Puitis...sampai dekor panggung
Ada Musikalisasi Puisi

Suasana malam Ngayogjazz sungguh memikat hati pengunjung yang datang dari berbagai kota bahkan mancanegara. Apalagi sepanjang jalan yang dihiasi dengan lampu berbalut anyaman bambu. Nah, ada satu panggung yang cukup menyita perhatian pengunjung, tepatnya panggung Wawung. Dengan adanya penampilan musikalisasi puisi oleh gadis berhijab bernama Lily. Mendadak malam menjadi syahdu lewat untaian kata demi kata diiringi alunan swing oleh Komunitas Jazz Jogja yang dalam kesempatan ini pula menelurkan album kompilasi jazz.

“Baru kali ini ada musikalisasi puisi di Ngayogjazz. Keren sih, bikin malam minggu makin syahdu,” curhat cewek berkulit sawo matang bernama Indah.

Duet Momo dan Parabiru bikin semangat
Warna Baru Lewat Momo & Parabiru

Jika Ngayogjazz tahun lalu menjadi panggung perdana solois Jalu TP mengenalkan musiknya kepada khalayak, kali ini giliran Momo & Parabiru. Sebuah band yang dilahirkan hasil perenungan Momo setelah resmi meninggalkan Captain Jack beberapa waktu lalu. Membuka dengan memainkan Sampe (gitar khas Kalimantan), Momo tampil lebih kalem dan nge-pop walaupun sesekali menghentak panggung. Single pertamanya berjudul Superhero menjadi warna baru dalam sejarah festival Ngayogjazz.

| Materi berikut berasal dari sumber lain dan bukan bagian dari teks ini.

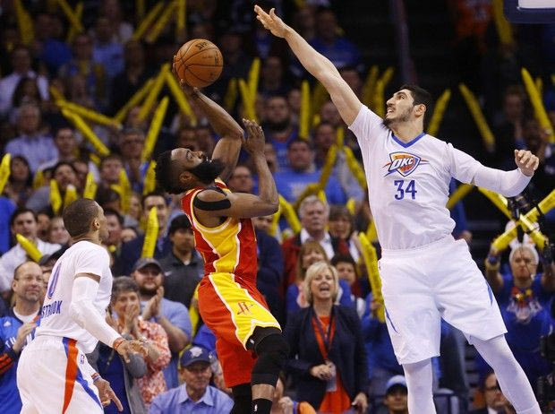 Houston Rockets guard James Harden, center, shoots as Oklahoma City Thunder center Enes Kanter (34) defends during an NBA basketball game between the Houston Rockets and the Oklahoma City Thunder in Oklahoma City, Sunday, April 5, 2015. Houston won 115-112. (AP Photo/Sue Ogrocki) AP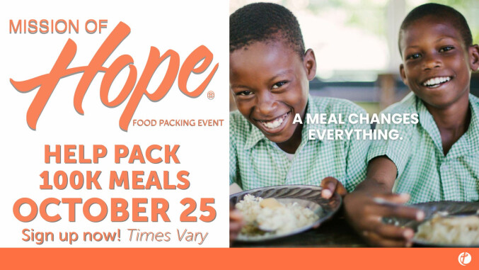 Help us pack 100,000 meals to send to our brothers and sisters in Haiti! Click here to pick your spot to pack.

“Ibaratnya aku ini cuma ganti baju, jiwanya tetap aku (Momo), jadi ya nggak banyak berubah, dan bisa dibilang Parabiru ini adalah cara pemberontakan yang berbeda dari apa yang aku lakukan dulu,” ungkap Momo usai manggung. Disusul momen haru foto bareng Monster Jackers yang datang ke Ngayogjazz. Semoga jadi awal yang baik deh!